Ranch
manager Larry Denson had spotted the big gator, prompting them to get tags for the season, and Thursday night was just "kind
of a last-minute deal before the season was over," Haltom said.
Using
the hook-and-line method, the group anchored a rope to a tree, left enough rope so the gator could run with it, and hung a
14-ought treble hook about a foot above the water with their own "secret recipe of chicken and some other stuff."
"We can't let too many secrets out of the bag," Haltom said.
When they showed up Friday morning, they had a line in the water, but when they started
pulling on it, it was tangled. Not knowing whether the gator was dead or alive, the four slowly made their way through the
6- to 7-foot-deep water to untangle the gator and tie some ropes around him to drag him out. But they quickly discovered it
wasn't going to be that easy.
"He drowned himself," Wells
said. "We believe he just dove underneath the water and got tangled up in a stump, and gators have to come up for air
every 15 minutes, so we were pretty sure he was dead, but we still weren't sure."

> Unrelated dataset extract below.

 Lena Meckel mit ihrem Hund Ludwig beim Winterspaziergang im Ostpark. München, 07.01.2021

"Once we figured out he was dead and he wasn't going to get us," Haltom said, "we started diving
down and feeling on him and we realized he was big. We could stand on top of him and we were head and shoulders above the
water. That's when we knew he had to be a big guy.
"The scales
kind of change. On his belly there's big, slick scales, or tiles, and as you get toward their mouth it gets into some
softer leather, and we got to feeling around and thought, 'OK, this is his mouth.' But when we got to tying him up,
we realized it wasn't his mouth — it was his leg."
They
broke a 400-pound test rope before realizing that "a truck and a rope wouldn't do it," eventually enlisting
the help of a tractor and some chains to finally get the gator out of the water. Next it was off to ranch headquarters to
clean him up, hang him for a measurement by Texas Parks and Wildlife, then place him in the bed of a truck filled with ice
for the trip to the taxidermist for a full life-size mount.
"You
couldn't tell what we had in the bed of the truck because we had a ton of ice on him," Haltom said. "We went
and cleaned Brookshire Brothers out. We had 400 pounds of ice on him."
"I
get excited right now just thinking about it," Haltom said. "When I reached down there and grabbed that claw and
we got to looking at each other, we were jumping around, high-fiving, and we were actually saying the words, 'state record.'"

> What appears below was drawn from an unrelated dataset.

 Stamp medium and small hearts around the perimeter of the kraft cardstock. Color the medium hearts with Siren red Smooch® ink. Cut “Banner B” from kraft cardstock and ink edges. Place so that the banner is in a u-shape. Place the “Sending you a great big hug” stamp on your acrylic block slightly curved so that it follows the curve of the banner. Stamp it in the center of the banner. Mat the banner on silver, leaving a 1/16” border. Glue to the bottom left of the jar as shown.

The gator wound up weighing in at 13 feet, 10 1/2 inches long and 880 pounds. And while
they don't know yet whether their gator is an official state record — "Until I see it on a piece of paper from
Parks and Wildlife, I'm just going to say it's a potential," Haltom said — the guys had some heavy celebrating
to take care of over the weekend.
"We immediately drove to Houston
and went to Beeville to go dove hunting and celebrate," Haltom said. "And we were tired puppies, let me tell you.

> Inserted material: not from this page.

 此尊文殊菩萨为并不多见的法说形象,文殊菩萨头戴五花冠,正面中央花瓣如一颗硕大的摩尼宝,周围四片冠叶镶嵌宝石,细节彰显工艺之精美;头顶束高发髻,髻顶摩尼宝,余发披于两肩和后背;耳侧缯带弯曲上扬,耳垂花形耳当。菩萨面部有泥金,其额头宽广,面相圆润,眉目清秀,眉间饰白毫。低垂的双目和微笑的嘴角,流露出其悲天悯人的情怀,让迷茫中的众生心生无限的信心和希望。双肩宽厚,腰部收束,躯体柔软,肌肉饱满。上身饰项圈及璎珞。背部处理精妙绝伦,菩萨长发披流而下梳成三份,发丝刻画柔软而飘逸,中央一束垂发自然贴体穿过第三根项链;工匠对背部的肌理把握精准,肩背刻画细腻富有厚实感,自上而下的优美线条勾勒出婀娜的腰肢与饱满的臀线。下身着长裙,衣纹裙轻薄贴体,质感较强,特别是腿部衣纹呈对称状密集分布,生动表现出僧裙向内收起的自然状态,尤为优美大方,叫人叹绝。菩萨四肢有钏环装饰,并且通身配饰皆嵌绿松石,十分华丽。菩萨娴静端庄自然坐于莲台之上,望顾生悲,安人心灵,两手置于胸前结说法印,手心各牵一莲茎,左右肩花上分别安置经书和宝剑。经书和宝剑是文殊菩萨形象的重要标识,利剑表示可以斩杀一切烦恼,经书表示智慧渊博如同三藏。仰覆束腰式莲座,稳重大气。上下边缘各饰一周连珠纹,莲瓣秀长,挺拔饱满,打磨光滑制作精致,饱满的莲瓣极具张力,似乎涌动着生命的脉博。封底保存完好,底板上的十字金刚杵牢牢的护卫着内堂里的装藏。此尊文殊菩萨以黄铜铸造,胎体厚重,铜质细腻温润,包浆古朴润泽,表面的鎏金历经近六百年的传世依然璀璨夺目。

"It's going to be in the record books. We just don't know if it's going
to be the state (hook-and-line) record."
"Not knowing what
we were getting into when we were walking into the water, it was an adrenaline rush," Wells said, "and when we finally
figured out how big it was, you just can't even describe the feeling."
Although Haltom said the four set the baits together and worked to get the gator out, Bass will be written down as
the hunter. Once the mount is done, the guys intend to donate it to a museum or find some place to display it.